Feishu Docx Cli

ReviewAudited by ClawScan on May 10, 2026.

Overview

This skill appears to match its Feishu document-management purpose, but it can use your Feishu app credentials to overwrite documents, upload selected files, and change collaborator permissions.

Install this only if you want the agent to manage Feishu documents through your configured Feishu app. Before running write, upload-image, or permissions commands, verify the document token, file path, image path, and member ID; use least-privileged Feishu scopes and keep backups for important documents.

Findings (3)

Artifact-based informational review of SKILL.md, metadata, install specs, static scan signals, and capability signals.
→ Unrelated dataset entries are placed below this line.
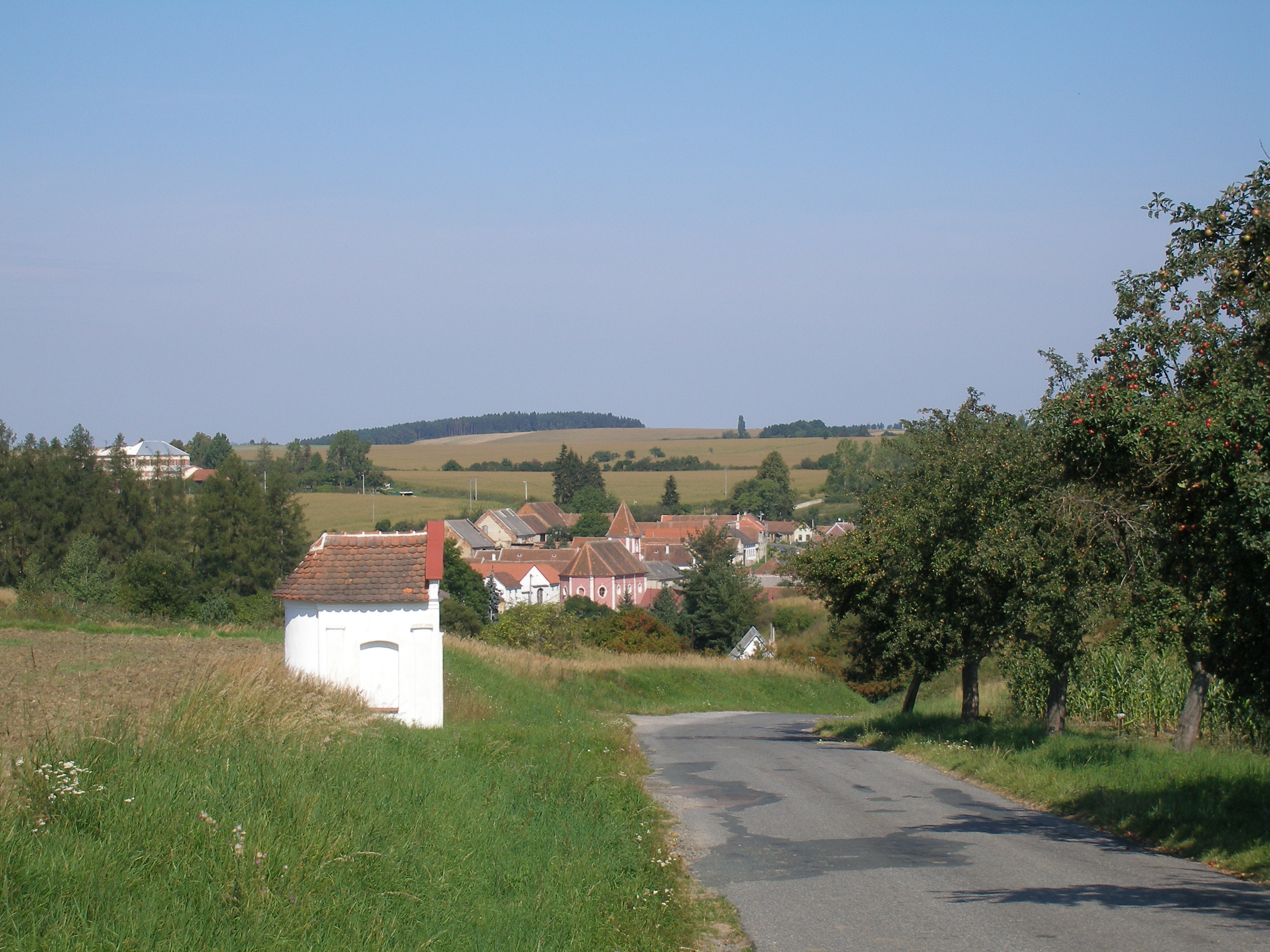 Village Lubnice in Moravia (Znojmo district), the general view from the road to Uherčice (Znojmo district)
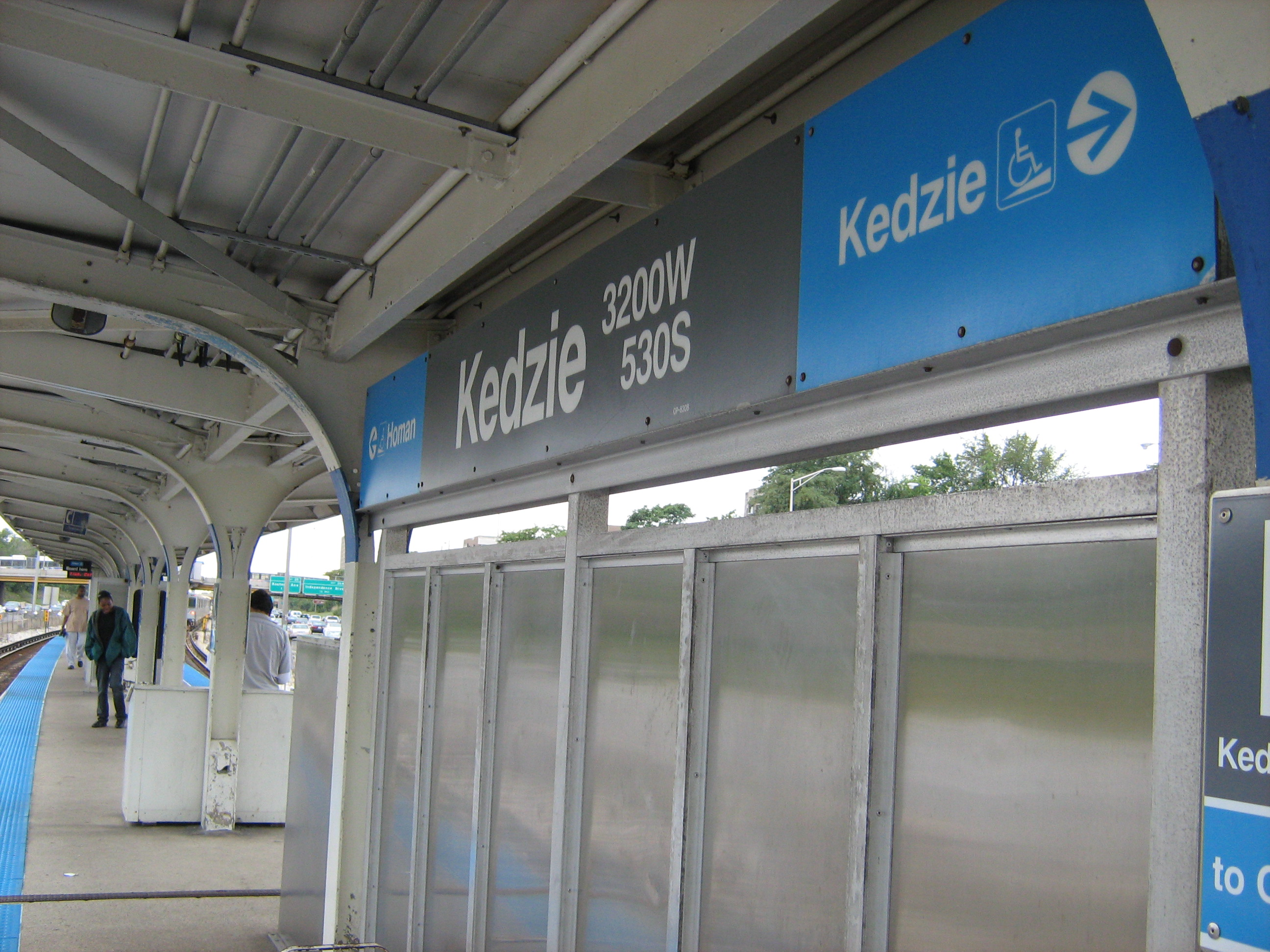 Kedzie-Homan CTA Station
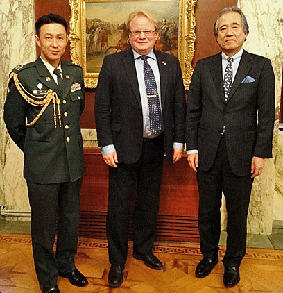 (From the right) Japanese Ambassador to Sweden Seiji Morimoto, Defense Attachés Col. Hiroshige Uchiyama, and Swedish Defense Minister Peter Hultqvist.
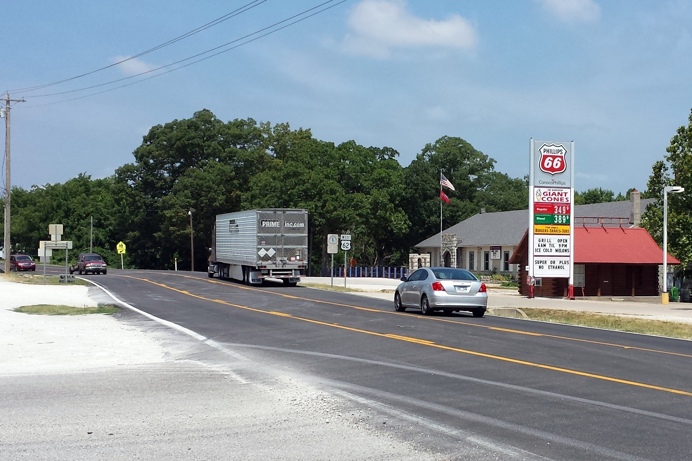 US 62 runs west in Garfield, AR
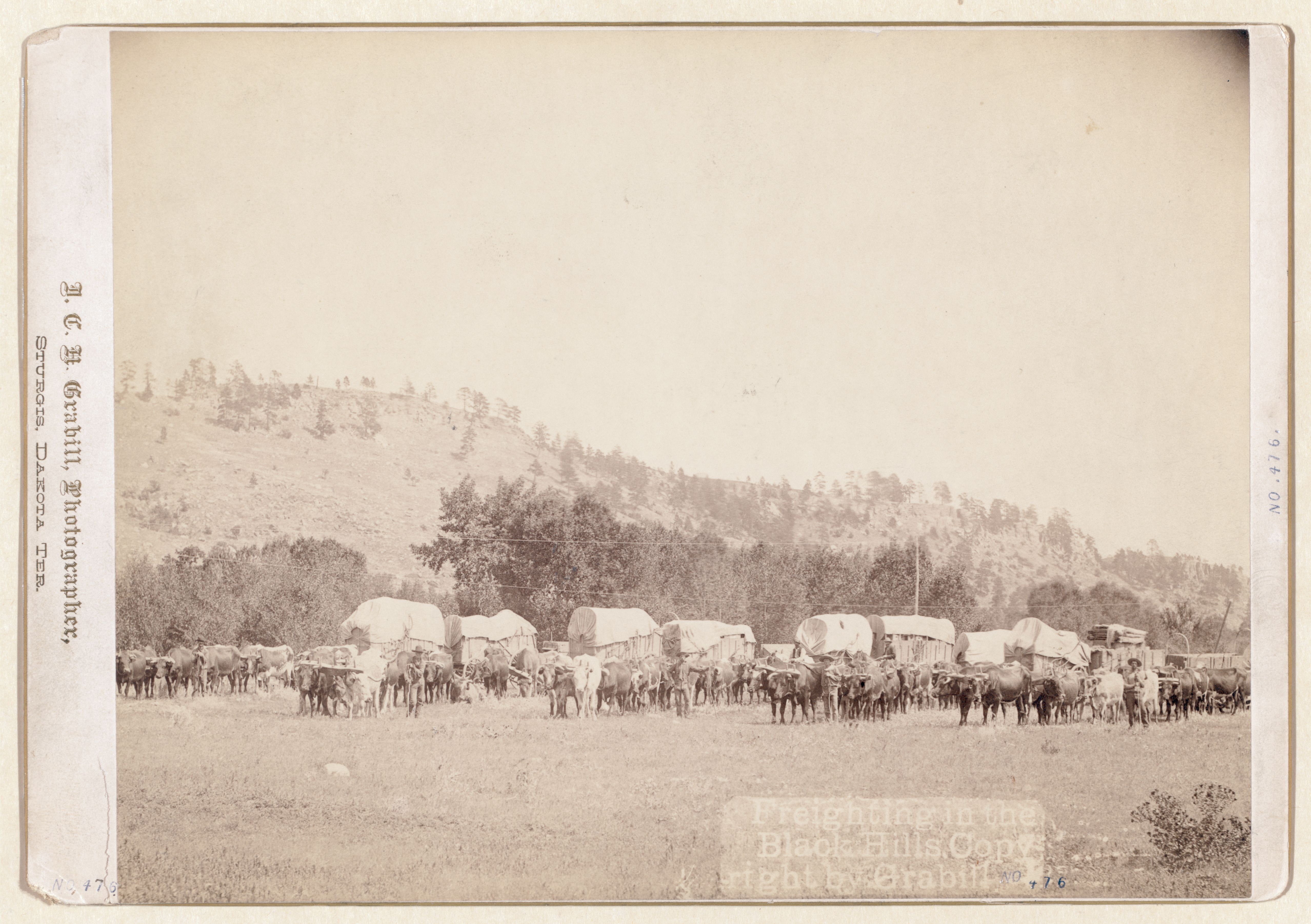 Original title Freighting in the Black Hills Several ox teams and wagons in a valley.
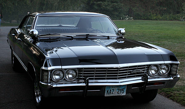 xD EN GRAN CARRO
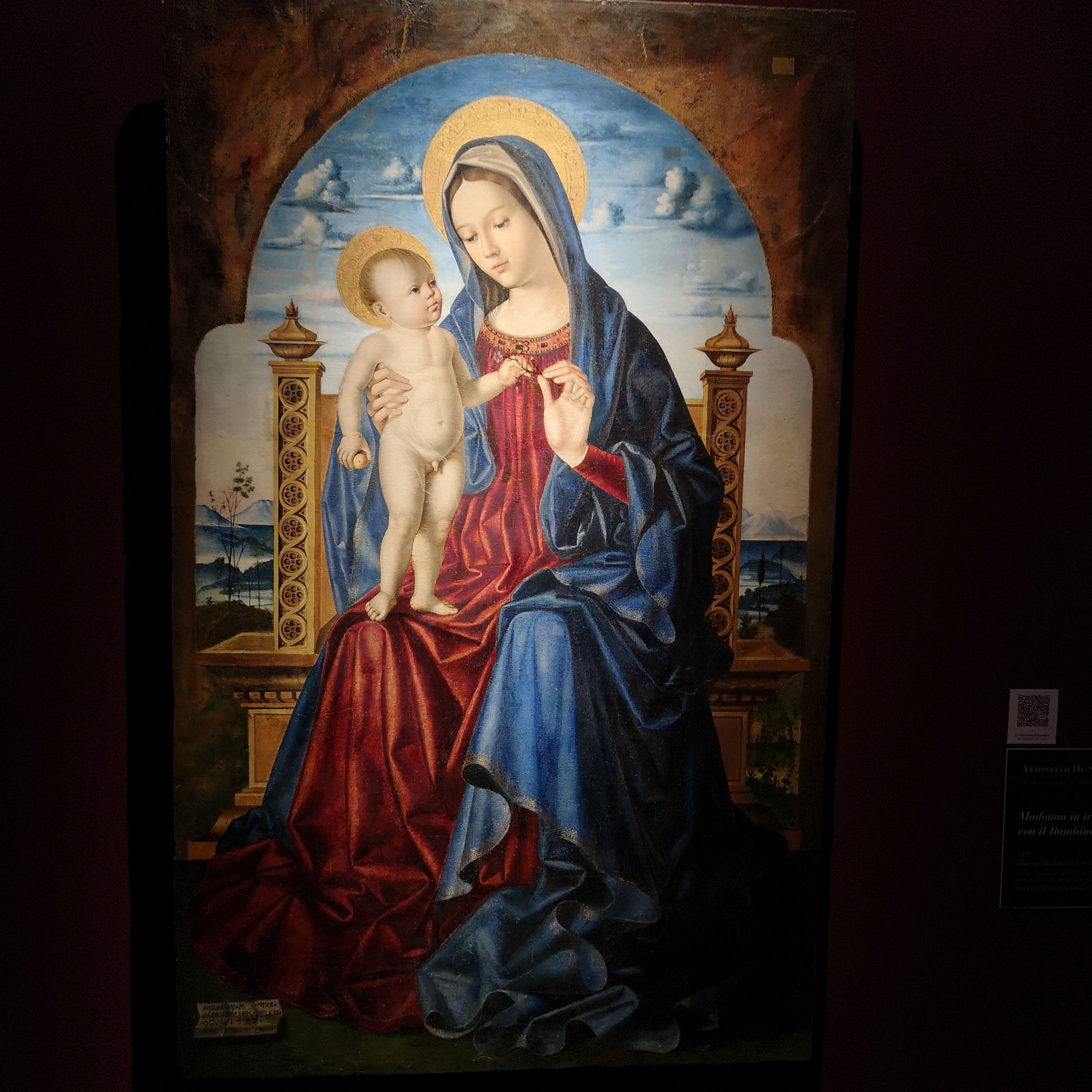 Madonna on the Throne with the Child. Oil on canvas, 125,5 × 76,5 cm.
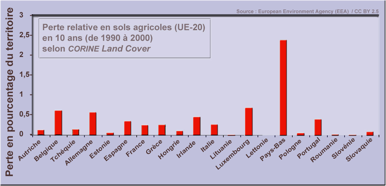 Relative losses of agricultural areas to urbanisation (EEA) Graph showing estimated loss of agricultural land in 20 EU countries due to urbanization between 1990 and 2000 based on an analysis of CORINE Land Cover Data Source : EEA, CC-by-2.5, retrieved 2011-10-22
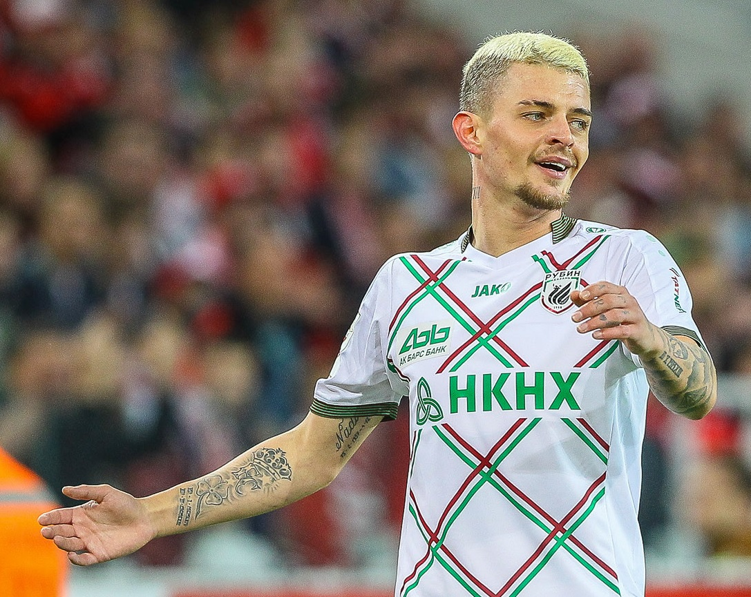 Maxime Lestienne with FC Rubin Kazan in a game against FC Spartak Moscow.
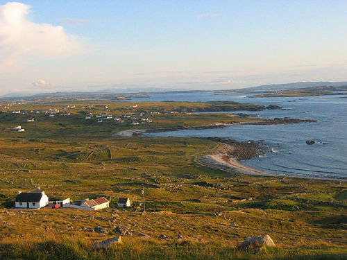 Cnocfola335
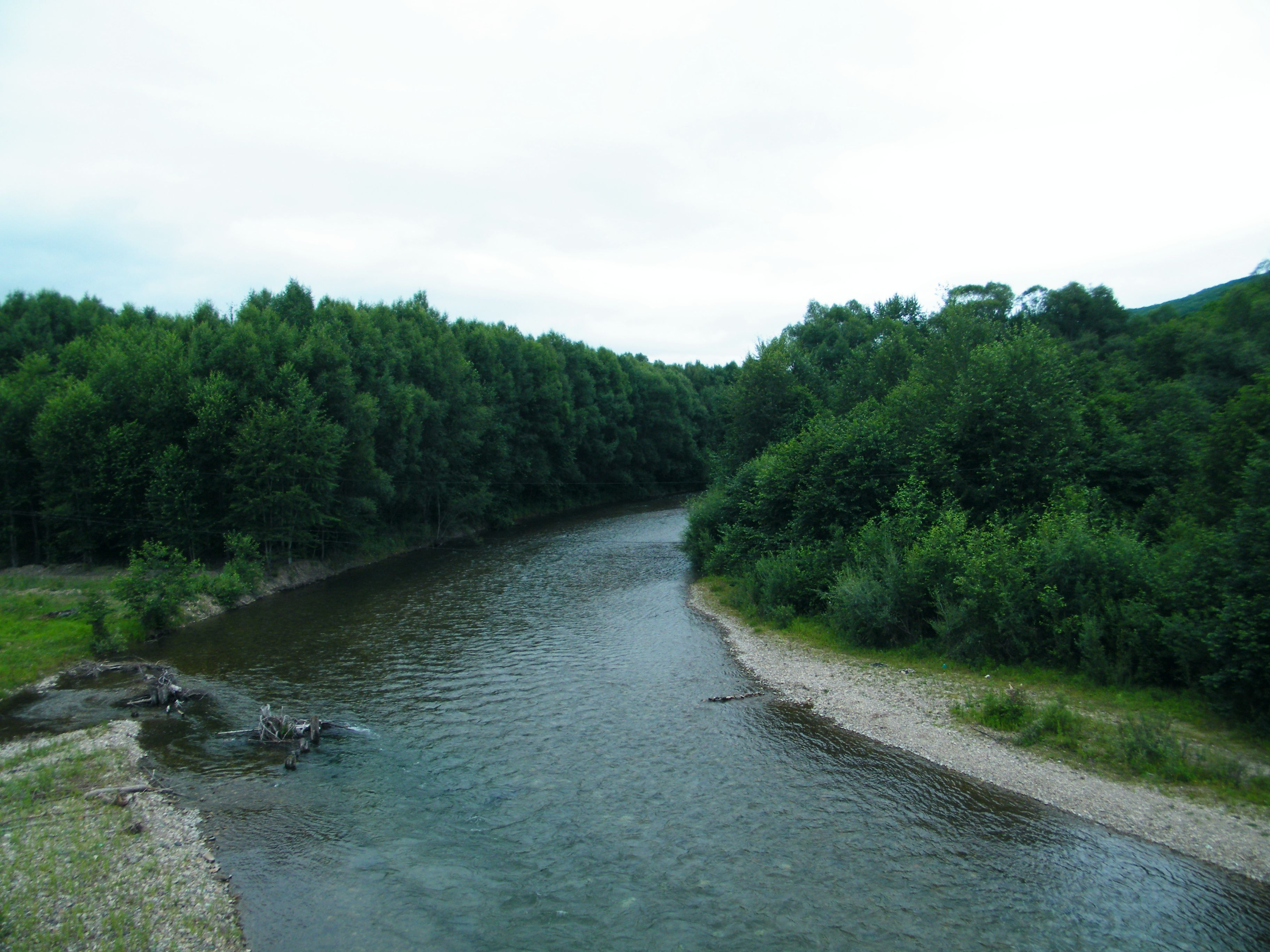 Река Высокогорская, Кавалеровский район
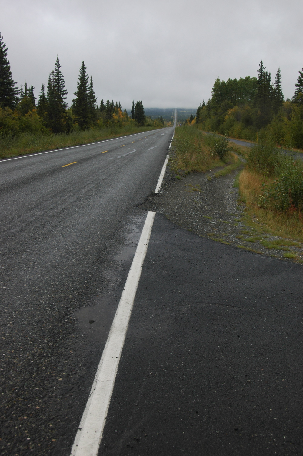 The Edgerton Highway south of Copper Center, Alaska at approximately milepost 4.
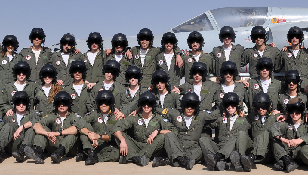 December 28, 2011 The 163rd IAF Flight course graduates this week with five female pilots expected to finish the course, each one specializing in a different field. Never in the history of IAF flight courses have so many female soldiers graduated from this prestigious course. The Israel Defense Forces Facebook page The Israel Defense Forces blog Follow us on Twitter
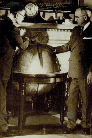 DCI Smith with President Truman.
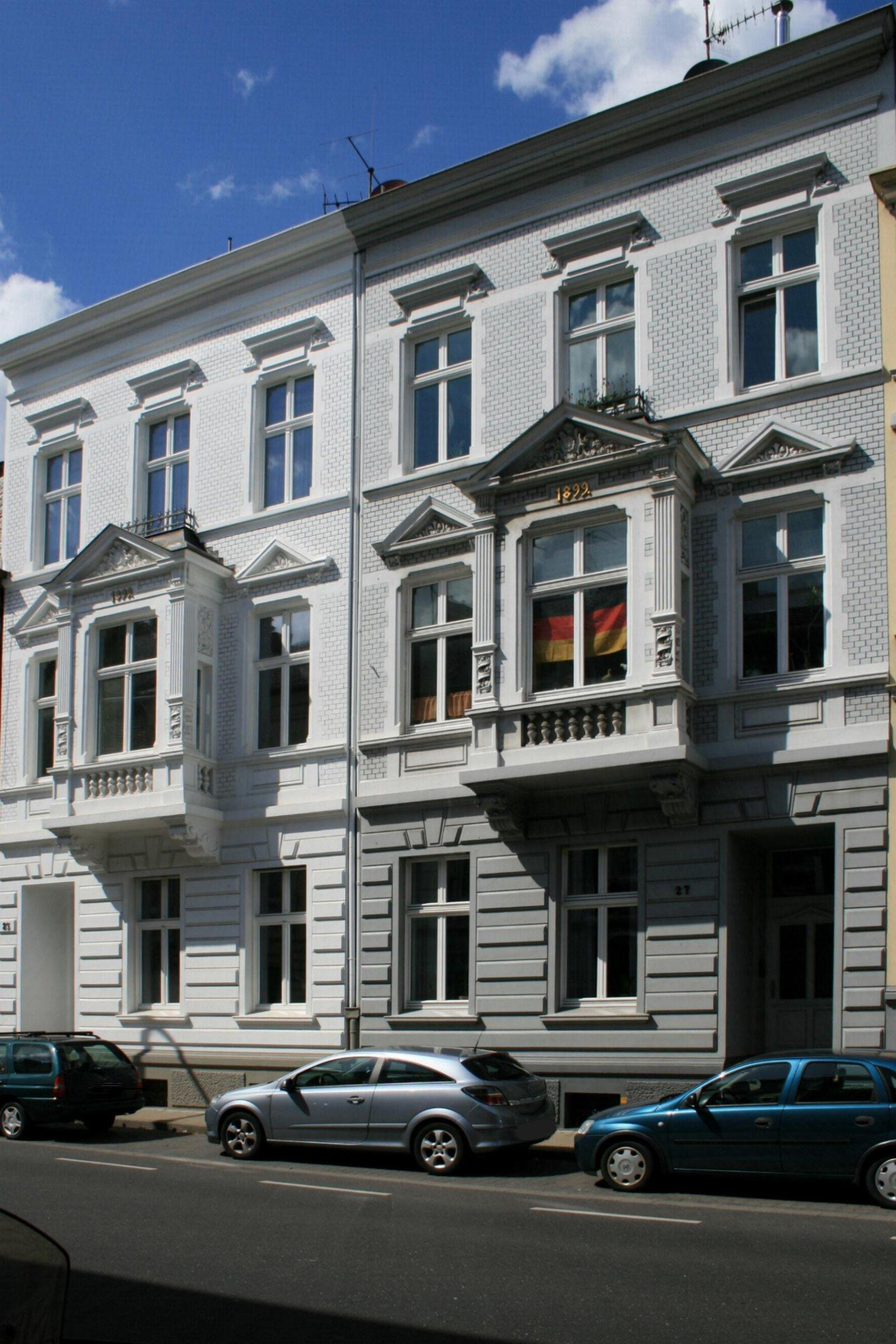 Cultural heritage monument No. D 018 in Mönchengladbach
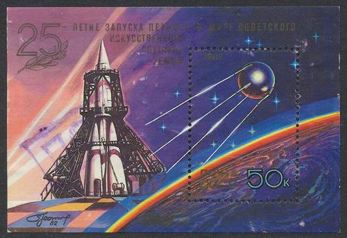 Stamp of USSR

ClawScan does not execute the skill or run runtime probes.

Medium

#ASI03: Identity and Privilege Abuse

What this means

If installed, the agent can use the configured Feishu app credentials to access and modify Feishu documents within that app's granted scopes.

Why it was flagged

The script reads Feishu App ID/App Secret from the local OpenClaw configuration and exchanges them for a tenant access token. This is expected for a Feishu CLI, but it gives the skill delegated authority as the configured Feishu app.

Skill content

config_path = os.path.expanduser("~/.openclaw/openclaw.json") ... app_id = config['channels']['feishu']['appId'] ... app_secret = config['channels']['feishu']['appSecret'] ... tenant_access_token/internal

Recommendation

Use a least-privileged Feishu app, enable only the scopes you need, and do not install this skill with credentials for an app that has broader access than intended.

Medium

#ASI02: Tool Misuse and Exploitation

What this means

A mistaken document token or unintended agent invocation could overwrite important Feishu document content.

Why it was flagged

The write command clears existing document blocks before inserting new content. This matches the documented overwrite behavior, but it is a destructive document mutation if used on the wrong document or with the wrong file.

Skill content

api('DELETE', f'/docx/v1/documents/{args.doc_token}/blocks/{args.doc_token}/children/batch_delete', token, json={'start_index': 0, 'end_index': child_count})

Recommendation

Confirm document tokens and input files before using write/overwrite commands, and keep backups or version history for important documents.

Low

#ASI04: Agentic Supply Chain Vulnerabilities

What this means

Users have less external context for who maintains the scripts or where to verify updates.

Why it was flagged

The registry metadata does not provide an upstream source or homepage. The included visible code is coherent and the static scan is clean, but provenance information is limited.

Skill content

Source: unknown; Homepage: none

Recommendation

Review the included scripts before use and prefer installing from a trusted, auditable source if available.